Сложная патофизиология и высокая частота хронической сердечной недостаточности с сохраненной фракцией выброса (ХСНсФВ) остаются одной из главных проблем кардиологии. Распространенность этого заболевания, а также ассоциированные с ним уровни смертности и инвалидизации продолжают расти как в России, так и в мире [1-3]. Так, в Российской Федерации более половины госпитализаций, вызванных декомпенсацией сердечной недостаточности (СН), приходится на пациентов с ХСНсФВ. Декомпенсация ХСНсФВ значительно ухудшает прогноз для пациента и приводит к повышению вероятности повторных декомпенсаций и летального исхода [3]. Это подчеркивает важность разработки новых подходов к диагностике и тактике ведения пациентов с ХСНсФВ с оценкой прогноза. Согласно исследованиям, проведенным в российской популяции [4], более интенсивное наблюдение за пациентами с ХСНсФВ помогает снижать смертность от острой декомпенсации СН (ОДСН) в 3,5 раз.
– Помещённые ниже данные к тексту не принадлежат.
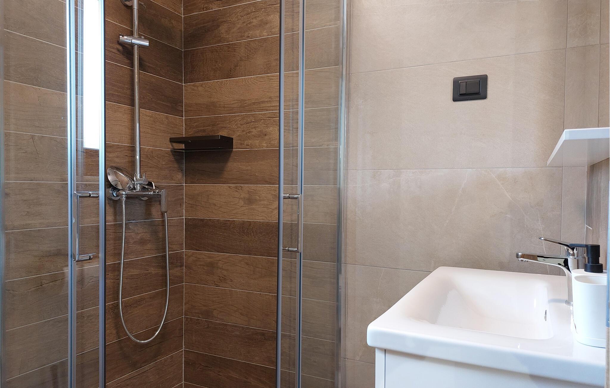 - WC mit warmem und kaltem Wasser, Dusche

Значительная гетерогенность фенотипов ХСНсФВ, а также многофакторная природа и сложность патофизиологии этого заболевания обосновывают необходимость при создании моделей прогнозирования исходов у пациентов с декомпенсацией ХСНсФВ учитывать широкий спектр маркеров риска, который включает клинико-­анамнестические, инструментальные и лабораторные показатели [5-7]. В связи с этим проблема поиска, апробации и внедрения в клиническую практику надежных, малоинвазивных и доступных к использованию маркеров, позволяющих оценивать риск неблагоприятных исходов при декомпенсации ХСНсФВ, сохраняет свою актуальность.
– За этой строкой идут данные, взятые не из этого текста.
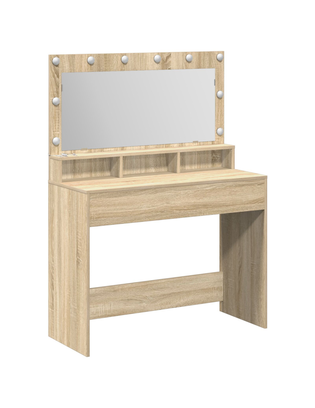 - Componenti inclusi: Il tavolo include mensole per stoccaggio flessibile per vari oggetti, dai cosmetici a decorazioni. Viene fornito con uno specchio piatto e luci LED, formando una stazione di bellezza completa. Lo specchio garantisce riflessi chiari mentre le luci offrono un'illuminazione costante.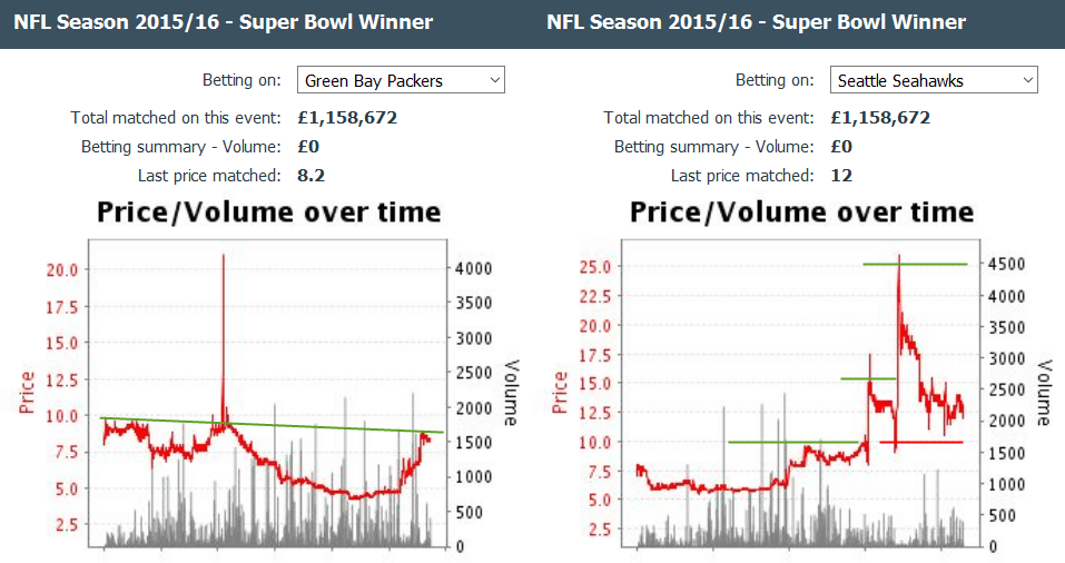 Green Bay Packers suffered quite a loss in terms of odds moving upwards. Although odds declined below 5.00 at one point, their trend is currently pulling back if not reversing. It’s this kind of pullback/reversal you need to be cautious of, when deciding to back Patriots. Yet, Packers’ odds do seem quite tempting at this moment. As they are closing the all-time high (10.0), betting on Green Bay doesn’t sound all that out of place. You may either exit the trade at 11.0 should the resistance level fail, or take profits if the trend resumes. Besides the crowd is waiting for Packers to win their trust back, so any bad outcome for Patriots may result into punters jumping on Packers once again, forcing their odds lower.

Важную роль в патогенезе СН играет клеточный стресс, который отражает реакцию клеток на воздействие различных метаболических, воспалительных, окислительных факторов и приводит к активации белков теплового шока (БТШ) [8][9]. БТШ представляют собой семейство белков, выполняющих функцию молекулярных шаперонов для других белков клетки, участвующих в стабилизации клеточных структур, восстановлении конформации белковых молекул, предотвращении агрегации белков, восстановлении активности ферментов [8][10]. Отличительной особенностью БТШ является их гиперэкспрессия под влиянием таких стрессовых факторов, как тепловое воздействие, интоксикация, воспалительная реакция и тканевая гипоксия [11].
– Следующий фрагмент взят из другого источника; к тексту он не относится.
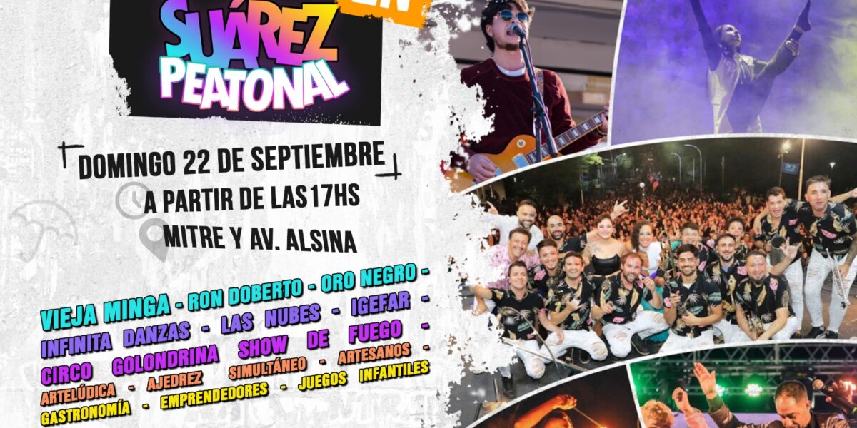 Nos encontramos en el centro de Suárez el 22 de septiembre a partir de las 17. Municipio y emprendedores unidos para que la juventud disfrute y las instituciones trabajen. Música, baile, espectáculos con el apoyo del ministerio de Producción y el Instituto Cultural bonaerense. Municipio, emprendedores y Gobierno Provincial trabajando juntos en un evento que “no tendrá gastos” para el

Клеточный стресс в миокарде, возникающий в ответ на многочисленные физиологические или патологические воздействия, нарушает белковый гомеостаз и вызывает аномальное сворачивание клеточных белков. Патологически измененные белки подвергаются воздействию БТШ; если шаперонной системе не удаётся вернуть денатурированные белки в нормальное состояние, происходит декомпенсация, в ходе которой развиваются порочные круги, в частности, из-за гиперсекреции БТШ, усиливающей хроническое воспаление [12-17].

Наиболее изученными биомаркерами клеточного стресса являются БТШ27, относящийся к низкомолекулярным "малым" БТШ и участвующий в АТФ-независимом звене и БТШ70 — высокомолекулярный БТШ, участвующий в АТФ-зависимом ответе на клеточный стресс [18-20]. Интересным в контексте кардиоваскулярных заболеваний является кардио­васкулярный БТШ (квБТШ, или БТШb7), который обладает кардиоспецифичностью и является шапероном актиновых микрофиламентов; до недавних пор данный белок исследовался, главным образом, на экспериментальных моделях [21].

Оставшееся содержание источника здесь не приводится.